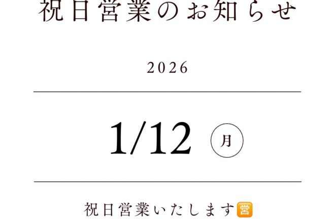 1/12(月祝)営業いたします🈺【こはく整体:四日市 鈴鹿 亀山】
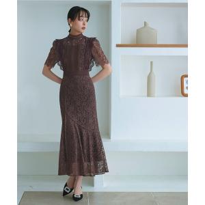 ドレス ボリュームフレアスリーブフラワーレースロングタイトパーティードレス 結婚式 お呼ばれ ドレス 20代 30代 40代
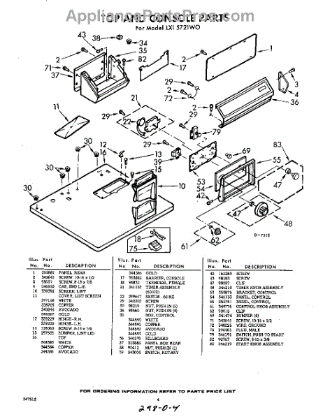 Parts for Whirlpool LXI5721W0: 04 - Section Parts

********************

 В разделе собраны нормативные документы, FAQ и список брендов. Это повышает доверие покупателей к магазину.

********************

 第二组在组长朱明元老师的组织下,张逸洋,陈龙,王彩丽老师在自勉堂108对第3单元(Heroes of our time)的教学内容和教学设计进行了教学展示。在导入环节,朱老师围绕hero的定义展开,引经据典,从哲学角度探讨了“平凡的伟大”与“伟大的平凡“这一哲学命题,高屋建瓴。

********************

◆ Your task ◆
Working from the entries above, please transcribe only the lines from the line with "ドレス ボリュームフレアスリーブフラワーレースロングタイトパーティードレス 結婚式" through the line with "Parts for Whirlpool", exactly, with both end lines and without pictures.

◆ Solution for this exercise ◆
 ドレス ボリュームフレアスリーブフラワーレースロングタイトパーティードレス 結婚式 お呼ばれ ドレス 20代 30代 40代
 Parts for Whirlpool LXI5721W0: 04 - Section Parts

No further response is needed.